### YOUR OBJECTIVE
Going down the data below, set down exactly the line with "Eine gefährliche Ecke" and each line after it through the line with "Die öffentliche Meinung"; no other lines.

### EXTRACTED INFORMATION
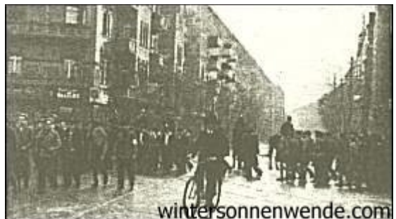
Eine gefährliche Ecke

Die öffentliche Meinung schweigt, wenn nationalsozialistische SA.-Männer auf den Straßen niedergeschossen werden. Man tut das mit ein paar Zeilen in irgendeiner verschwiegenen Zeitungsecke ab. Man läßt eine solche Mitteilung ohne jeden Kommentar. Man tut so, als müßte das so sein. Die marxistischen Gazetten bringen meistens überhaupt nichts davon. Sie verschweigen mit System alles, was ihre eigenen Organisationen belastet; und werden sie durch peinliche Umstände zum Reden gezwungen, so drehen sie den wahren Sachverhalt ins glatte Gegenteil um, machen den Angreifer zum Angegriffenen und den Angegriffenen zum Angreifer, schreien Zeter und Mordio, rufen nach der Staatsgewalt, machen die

--

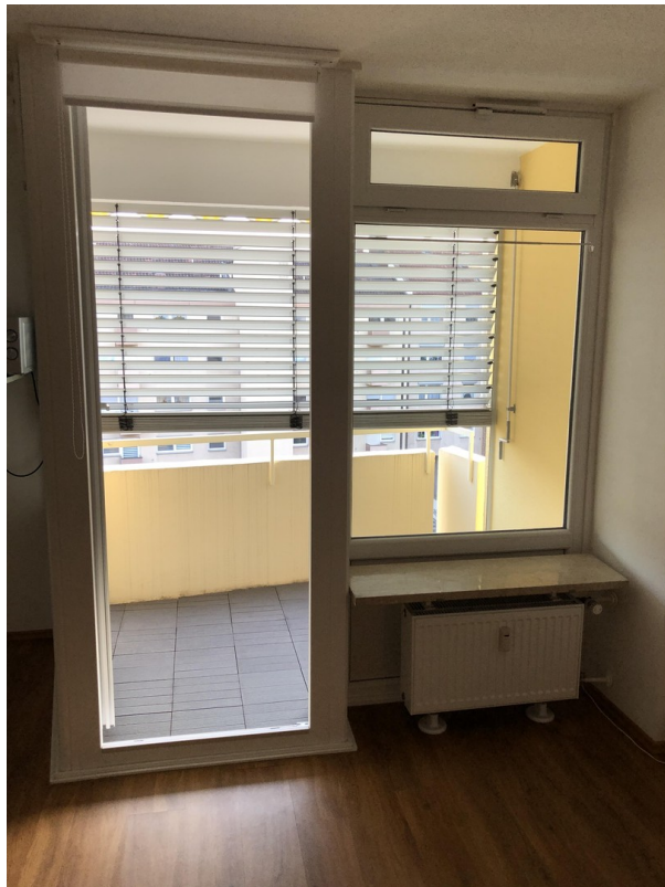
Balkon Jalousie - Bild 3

### OUTPUT FOR THIS EXERCISE
Eine gefährliche Ecke

Die öffentliche Meinung schweigt, wenn nationalsozialistische SA.-Männer auf den Straßen niedergeschossen werden. Man tut das mit ein paar Zeilen in irgendeiner verschwiegenen Zeitungsecke ab. Man läßt eine solche Mitteilung ohne jeden Kommentar. Man tut so, als müßte das so sein. Die marxistischen Gazetten bringen meistens überhaupt nichts davon. Sie verschweigen mit System alles, was ihre eigenen Organisationen belastet; und werden sie durch peinliche Umstände zum Reden gezwungen, so drehen sie den wahren Sachverhalt ins glatte Gegenteil um, machen den Angreifer zum Angegriffenen und den Angegriffenen zum Angreifer, schreien Zeter und Mordio, rufen nach der Staatsgewalt, machen die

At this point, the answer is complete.